» **The problem**: The whole listing is to be given again without alteration, except that its pictures are dropped.

» **Information provided**:
________
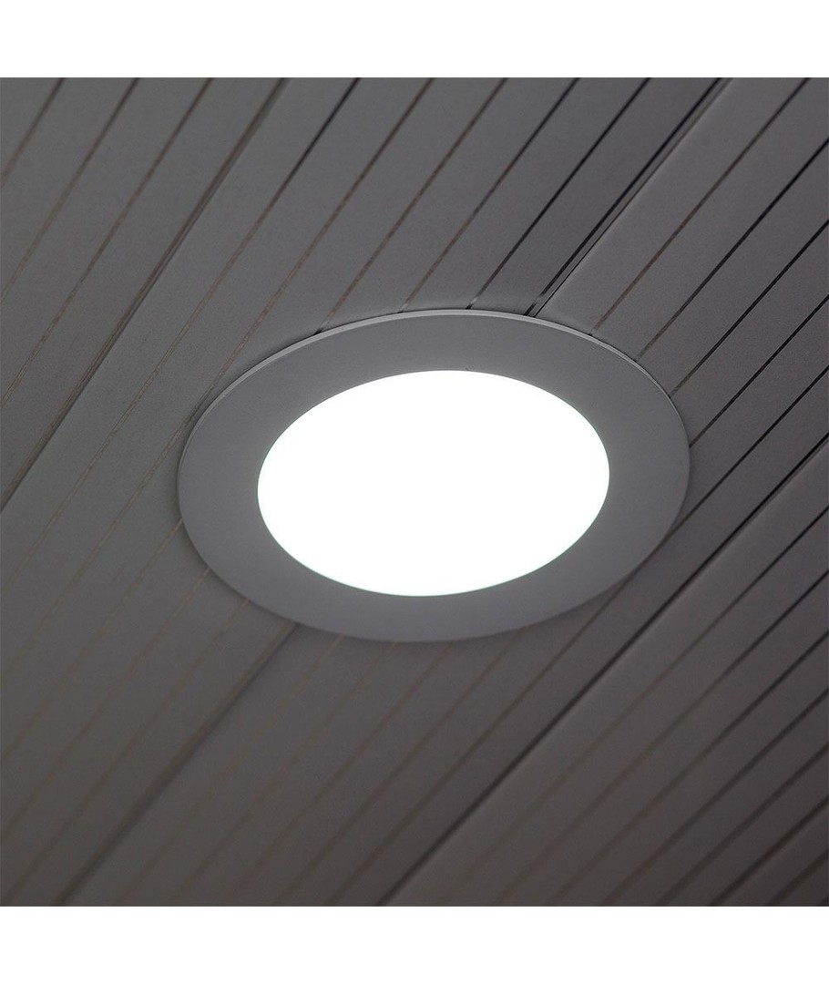 För en smidig infällning kräver panelen ett hålmått på Ø7,3 cm. Den passar i de flesta utrymmen med sina 12 x Ø8,4 cm i storlek. Observera att produkten har en IP20-klassning, vilket innebär att den inte är vattentät och därför inte lämpar sig för våta utrymmen.
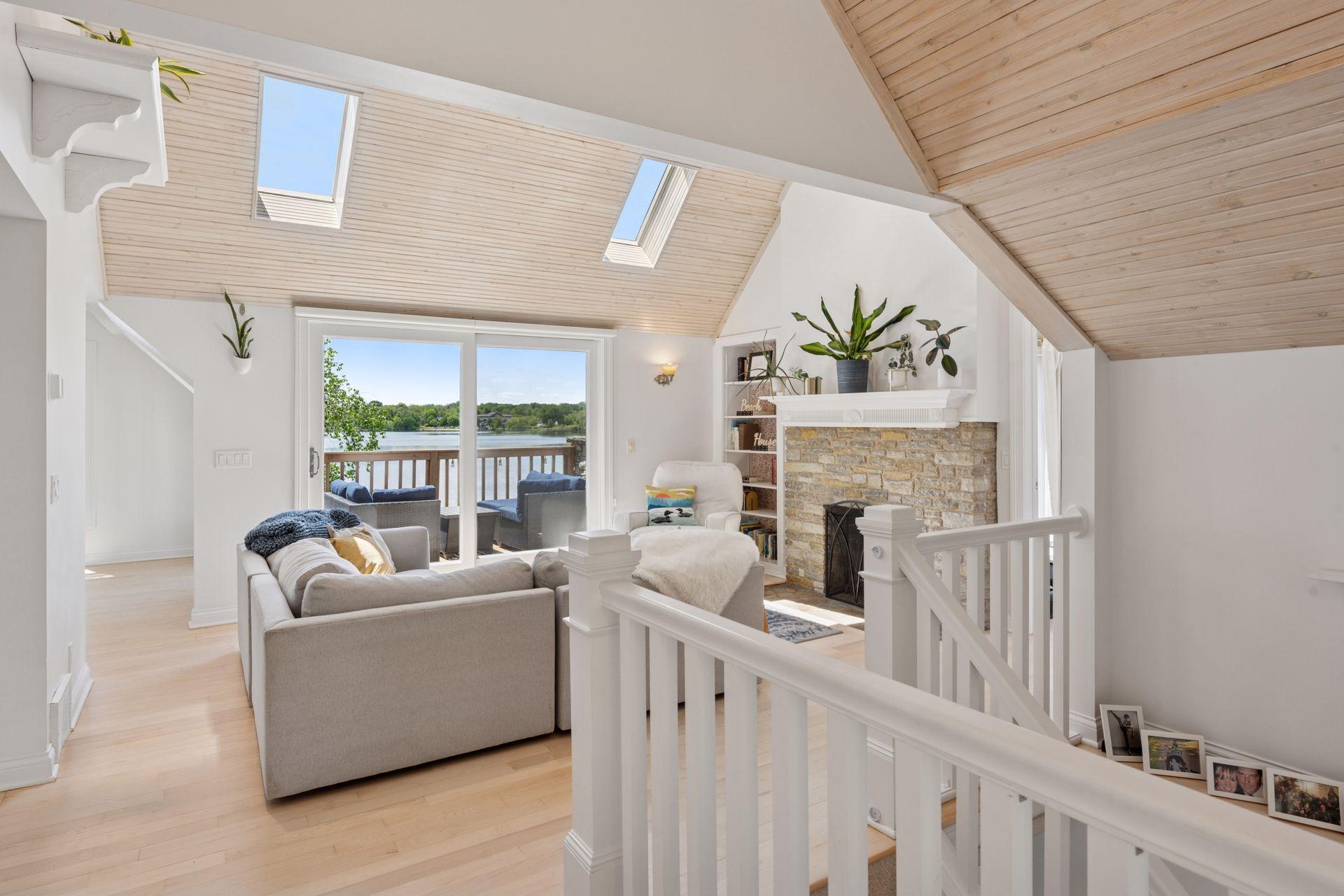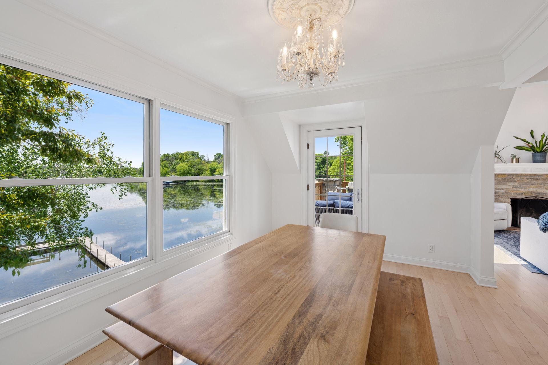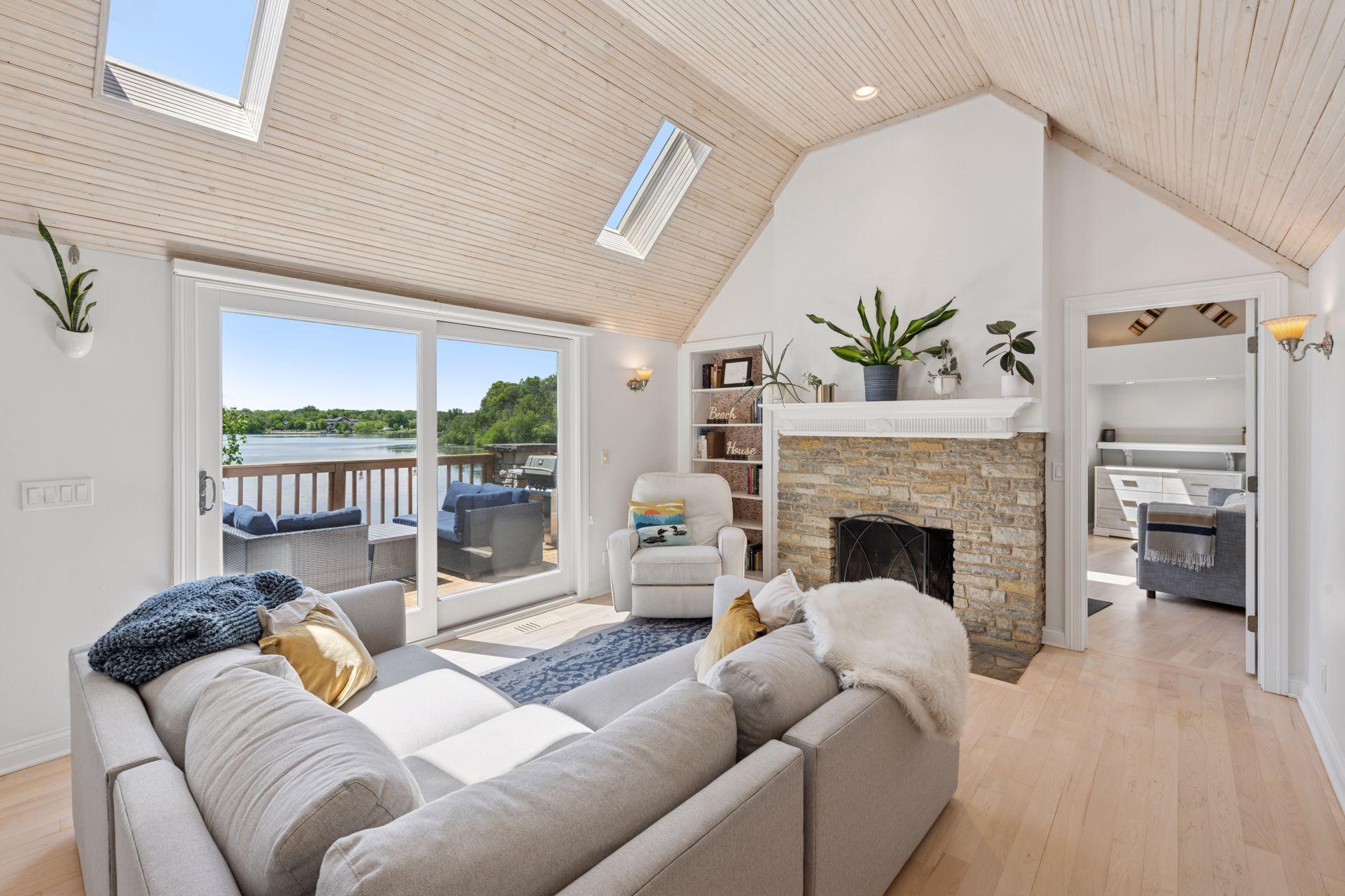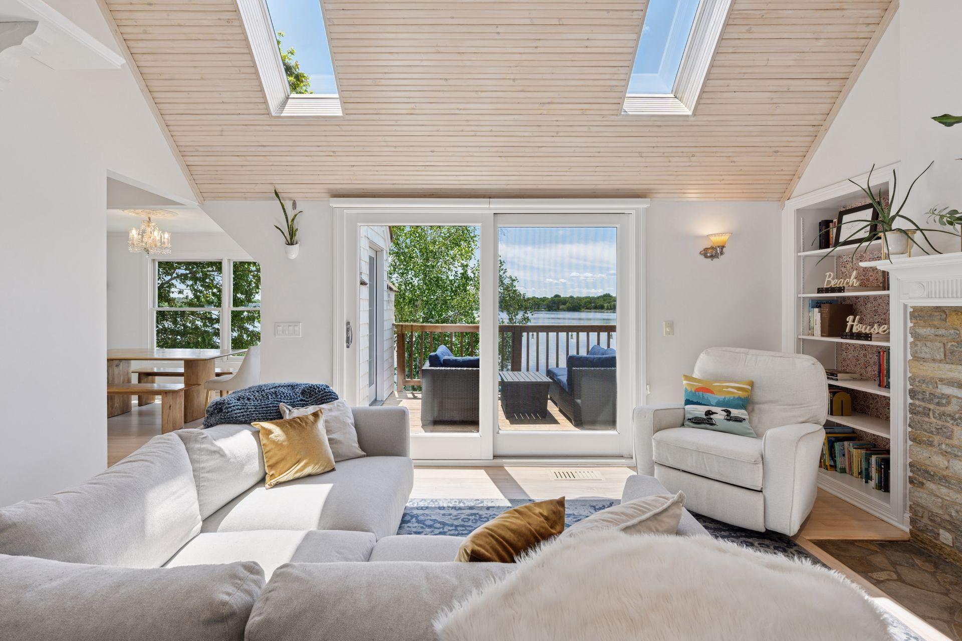 1575 Long Lake Blvd was the first cabin built in the neighborhood you see today. The “Albee Addition” was an Apple Orchard long before lake cabins were built in the late 1930s. Edna Albee, the original owner, was from Norway. Many of the original Norwegian details remain intact in the fireplace mantle, main level bathroom mirror/bath tile work and dining room chandelier. The approach to the house is a step back in time to those original lake cottage days. This home has been meticulously maintained and improved over the years and there is potential to make further improvements and additions. Even with these changes over the years, the charm remains. From the moment you step inside and see the bright spaces with all the right details, you feel the care that all the stewards of this wonderful property have given this home. The additions are tasteful and right sized; the quality and finishes are consistent, complimenting the original character but improving the structure with a new foundation and walkout lower level making for level floors and no old house creaks. What it may lack in modern layout convenience, it more than makes up for with its charm and setting. This property is truly unique and is as much about the setting and outdoor space as it is about the indoor spaces. It feels up north but then you remember, you are 7 minutes from Wayzata and 22 minutes from downtown Minneapolis. The property width, elevation and mature trees work together to create supreme lakeside privacy, and privacy between neighbors. With 250 feet of south facing shoreline on .6 acres, the expansive and unobstructed lake view captures spectacular sunrises and sunsets from inside the house - or from any of the numerous outdoor leisure areas. How many outdoor areas?? Well ... six distinct outdoor areas give you options for any mood or occasion. The back deck and dining deck are two very different feelings, one offering full sun, the other gives shade. The sandy beach is surrounded by rip rap and is a great spot to relax with your feet in the water or go for a swim. The lower patio offers a similar view to the upper deck, but the saltwater hot tub is a different option for relaxation. The secluded fire pit is tucked away from the house near the forested lowlands, surrounded by a flat stone patio with large stone benches and a peaceful view of the lake. The recessed fire pit includes built in drainage and a nearby hose attachment for safety. And finally, relaxing on the dock is the quintessential lakeside decompression zone. Of course, the lake side does offer a fairly flat area for yard games such, making that seven distinct outdoor areas! While you are outside, keep an eye out for Bald Eagles, turtles, hummingbirds, swans and loons. Mulberries, rhubarb and onion grass grows on the hill, next to the garage.
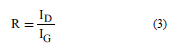 Otra banda característica del grafito se observa a los 1295 cm-1 y se conoce como la banda D o banda inducida al desorden por fotón, la cual se atribuye a la presencia de desorden en los alótropos del carbono. Esta banda está más asociada a enlaces de carbonos tipo sp3 que sirven como sitios de nucleación de hidrógenos. El espectro Raman también exhibe una banda a los 2440 cm-1 que se llama banda G' y se atribuye a un sobretono de la banda G [49]. Para determinar la cristalinidad de los nanotubos de carbono se utilizó la relación entre la intensidad de la banda G y la intensidad de la banda D, como se muestra en la Ec. (3).
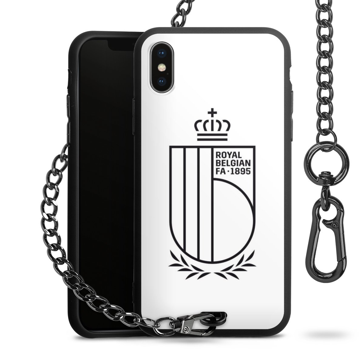 Ob im Alltag, beim Feiern mit Deinen Jungs oder auf Festivals – mit dem superpraktischen Belt Case steckst Du alle Sorgen um Diebstahl und Spider-App ganz entspannt in die Tasche. Es besteht aus einem coolen mattschwarzen Silikon Premium Case, dem Du ein individuelles Design verpassen kannst, und einer daran befestigten Kette in lässiger Gunmetal-Optik. Mit dem Karabiner auf der anderen Seite klickst Du die Kette mit einem Handgriff an Deine Gürtelschlaufe und schon ist Dein Smartphone sicher und stets griffbereit in der Hosentasche verstaut.
________
» **Task solution**:
 För en smidig infällning kräver panelen ett hålmått på Ø7,3 cm. Den passar i de flesta utrymmen med sina 12 x Ø8,4 cm i storlek. Observera att produkten har en IP20-klassning, vilket innebär att den inte är vattentät och därför inte lämpar sig för våta utrymmen.
 1575 Long Lake Blvd was the first cabin built in the neighborhood you see today. The “Albee Addition” was an Apple Orchard long before lake cabins were built in the late 1930s. Edna Albee, the original owner, was from Norway. Many of the original Norwegian details remain intact in the fireplace mantle, main level bathroom mirror/bath tile work and dining room chandelier. The approach to the house is a step back in time to those original lake cottage days. This home has been meticulously maintained and improved over the years and there is potential to make further improvements and additions. Even with these changes over the years, the charm remains. From the moment you step inside and see the bright spaces with all the right details, you feel the care that all the stewards of this wonderful property have given this home. The additions are tasteful and right sized; the quality and finishes are consistent, complimenting the original character but improving the structure with a new foundation and walkout lower level making for level floors and no old house creaks. What it may lack in modern layout convenience, it more than makes up for with its charm and setting. This property is truly unique and is as much about the setting and outdoor space as it is about the indoor spaces. It feels up north but then you remember, you are 7 minutes from Wayzata and 22 minutes from downtown Minneapolis. The property width, elevation and mature trees work together to create supreme lakeside privacy, and privacy between neighbors. With 250 feet of south facing shoreline on .6 acres, the expansive and unobstructed lake view captures spectacular sunrises and sunsets from inside the house - or from any of the numerous outdoor leisure areas. How many outdoor areas?? Well ... six distinct outdoor areas give you options for any mood or occasion. The back deck and dining deck are two very different feelings, one offering full sun, the other gives shade. The sandy beach is surrounded by rip rap and is a great spot to relax with your feet in the water or go for a swim. The lower patio offers a similar view to the upper deck, but the saltwater hot tub is a different option for relaxation. The secluded fire pit is tucked away from the house near the forested lowlands, surrounded by a flat stone patio with large stone benches and a peaceful view of the lake. The recessed fire pit includes built in drainage and a nearby hose attachment for safety. And finally, relaxing on the dock is the quintessential lakeside decompression zone. Of course, the lake side does offer a fairly flat area for yard games such, making that seven distinct outdoor areas! While you are outside, keep an eye out for Bald Eagles, turtles, hummingbirds, swans and loons. Mulberries, rhubarb and onion grass grows on the hill, next to the garage.
 Otra banda característica del grafito se observa a los 1295 cm-1 y se conoce como la banda D o banda inducida al desorden por fotón, la cual se atribuye a la presencia de desorden en los alótropos del carbono. Esta banda está más asociada a enlaces de carbonos tipo sp3 que sirven como sitios de nucleación de hidrógenos. El espectro Raman también exhibe una banda a los 2440 cm-1 que se llama banda G' y se atribuye a un sobretono de la banda G [49]. Para determinar la cristalinidad de los nanotubos de carbono se utilizó la relación entre la intensidad de la banda G y la intensidad de la banda D, como se muestra en la Ec. (3).
 Ob im Alltag, beim Feiern mit Deinen Jungs oder auf Festivals – mit dem superpraktischen Belt Case steckst Du alle Sorgen um Diebstahl und Spider-App ganz entspannt in die Tasche. Es besteht aus einem coolen mattschwarzen Silikon Premium Case, dem Du ein individuelles Design verpassen kannst, und einer daran befestigten Kette in lässiger Gunmetal-Optik. Mit dem Karabiner auf der anderen Seite klickst Du die Kette mit einem Handgriff an Deine Gürtelschlaufe und schon ist Dein Smartphone sicher und stets griffbereit in der Hosentasche verstaut.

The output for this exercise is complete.